Viruses have either single-stranded DNA, single-stranded RNA, double-stranded DNA, or double-stranded RNA. The type of genetic material found in a particular virus depends on the nature and function of the specific virus. The viral genome can consist of very few genes or up to hundreds of genes depending on the type of virus. The genetic material is not typically exposed but is covered by the capsid in order to be protected from damage.

Scientists have been able to theorize how viruses may develop based on the fact that the genes of many viruses, like those that cause herpes, share similar characteristics with the genes from cells. This theory is known as the Cellular Theory. This theory implies that viruses first started as big pieces of cellular DNA and eventually became independent. Others speculate that viruses came along very early in evolution, and some of their DNA stayed in cells’ genomes. This is known as the Theory of Evolution for Viruses. The fact that viruses infecting humans share similar structural features with viruses could mean that all of these viruses have a common origin, dating back billions of years.

Not all viruses look exactly the same in appearance, but they all share a similar structure. The shape of viruses varies widely. In general, viruses fit usually into two different visual categories. Viruses of humans, animals, and plants are typically spherical and rod-shaped, sometimes consisting of many sides. Viruses of bacteria (bacteriophages) are often shaped almost like a spaceship.

Figure 2: Visual of the structure of a virus that has a “spaceship” appearance.

Because viruses can not exist independently, they must take over a living cell in order to survive and reproduce. When a virus comes into contact with a susceptible host cell, it will latch itself onto the surface using its receptors. The virus will then inject its nucleic acid into the host cell. After, the virus will enter the cell in order to take control of the host by using the protoplasm,the living part of a cell that is surrounded by a plasma membrane, inside of it to create new viruses. Once these new virus particles assemble, they will leave the original host cell and find new host cells and repeat the same process, called the lytic cycle. There is no cell division within the development and replication of viruses. Viruses are only able to be replicated through the chemical synthesis of viral nucleic acid and capsid proteins. In the ending stage of virus replication, host cells that have been attacked may be completely destroyed or suffer little or no harm.

Few viruses go through an additional phase before replication, known as the lysogenic or dormant phase. During this phase, the virus can remain inside the host cell for extended periods of time without causing any changes to the cell. Once activated, however, these viruses can immediately enter into the lytic cycle.

Figure 3: Diagram of a lytic cycle, the process of virus replication.

Viruses cause a number of diseases in the organisms they infect. Human infections and diseases caused by viruses include Ebola fever, chickenpox, influenza, AIDS, and herpes. Plant diseases include mosaic disease, ringspot, leaf curl, and leafroll. Viruses known as bacteriophages cause disease in bacteria and archaeans. Humans can contract viruses through ingestion, sexual transmission, from the air, and many other ways.

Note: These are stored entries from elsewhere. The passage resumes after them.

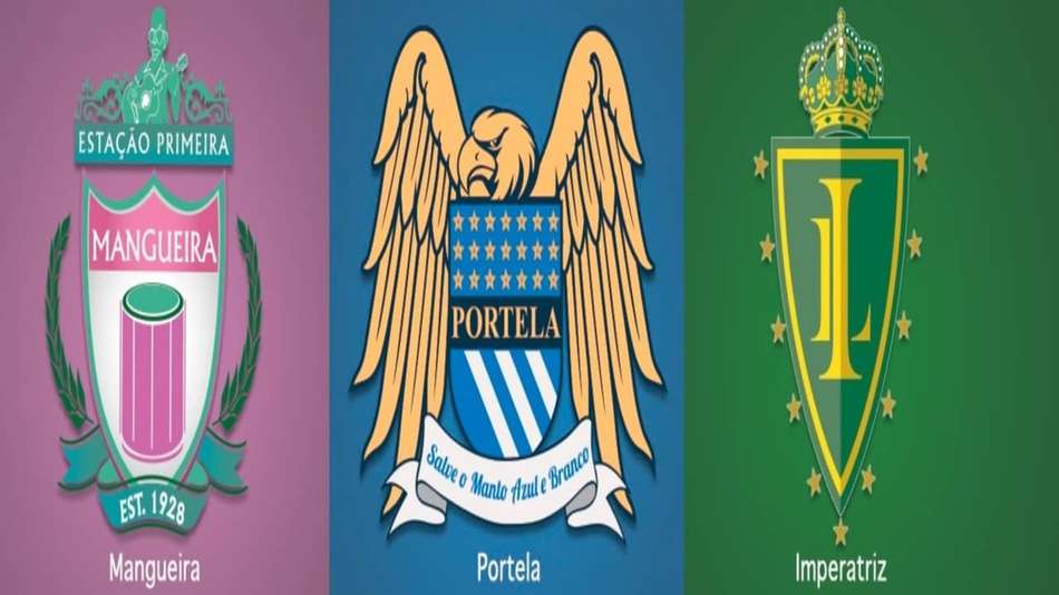 Escudos das escolas de samba misturados com os de clubes de futebol
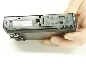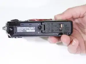 Найдите крышку батареи/карты на дне камеры.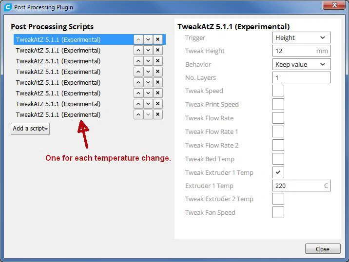 Phần đế dày 2mm, nên nhớ điểm này khi cài đổi nhiệt độ trong slicer. Ví dụ với tháp PLA bắt đầu ở 220C thì bạn in ở nhiệt đó cho tới khi chiều cao layer đạt 12 mm rồi cho đổi xuống 215C. Sau đó tới 22 mm thì đổi xuống 210C, cứ vậy tiếp tục.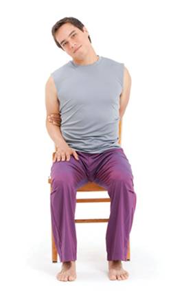 From seated mountain pose, reach your arms behind you and clasp your elbows with your opposite hands. Then release your right hand and place it on your right thigh, with your left hand holding your right arm just above the inside of the elbow. Inhale as you lengthen the crown of your head toward the sky; then exhale and release your right ear down toward your right shoulder, trying not to lift the shoulder toward the ear. Drop your left shoulder down and breathe into the left side of your neck. Stay here for several breaths, then exhale and gently rotate your head so that your nose moves toward your right shoulder. Inhale and rotate your head the other way so that your nose moves toward the sky.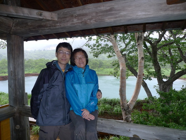 繼續上路,車子越爬越高,雲霧越來越濃,窗外風雨越來越大,來到「八幡平三大展望台之一」的「源太岩展望台」,看得出我們身在雲霧中,山下其實仍是晴天,時晴時雨的天氣,實在讓人無法捉摸。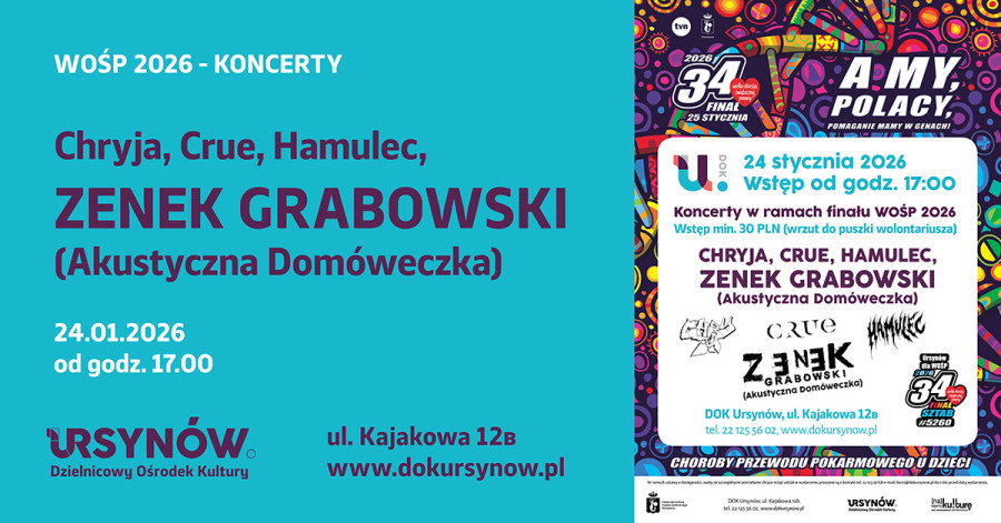Zapraszamy na koncerty w DOK Ursynów w ramach WOŚP.

Figure 4: Illustration of how airborne diseases can spread.

Vaccines have been effective in preventing some types of viral infections, such as smallpox and the flu. They work by helping the body build an immune system response against these specific viruses. However, it is important not to forget that many viruses can still cause serious damage to living things, and some can actually be fatal. Viruses like COVID-19, are examples of diseases that morphed into a strong and deadly virus that attacks the body and has the ability to kill.

Coronaviruses are a family of viruses that can cause illnesses such as the common cold and it is essentially made up of Severe Acute Respiratory Syndrome (SARS) and Middle East Respiratory Syndrome (MERS). However, the newly discovered coronavirus, COVID-19 or SARS-CO-V-2, became so severe that it caused a worldwide pandemic and has resulted in hundreds of thousands of deaths. Experts say SARS-CoV-2 originated in China and was passed from bats to humans. 

Figure 5: Diagram depicting the human-to-human transmission of coronavirus and its effects on the body.

The name “coronavirus” is derived from Latin: corona, meaning “crown” or “wreath.” Coined by June Almeida and David Tyrrell who studied the human coronavirus, the name was meant to refer to the appearance of the virus. Coronaviruses are large, roughly spherical shaped particles with viral spike peplomers which are actually proteins that lie on the surface of the virus. On average a coronavirus particle has 74 surface spikes all around. The average diameter of a virus particle is around 125 nm (.125 μm). They also contain a positive-sense, single-stranded RNA genome. 

Figure 6: Image depicts the COVID-19 virus and its anatomy.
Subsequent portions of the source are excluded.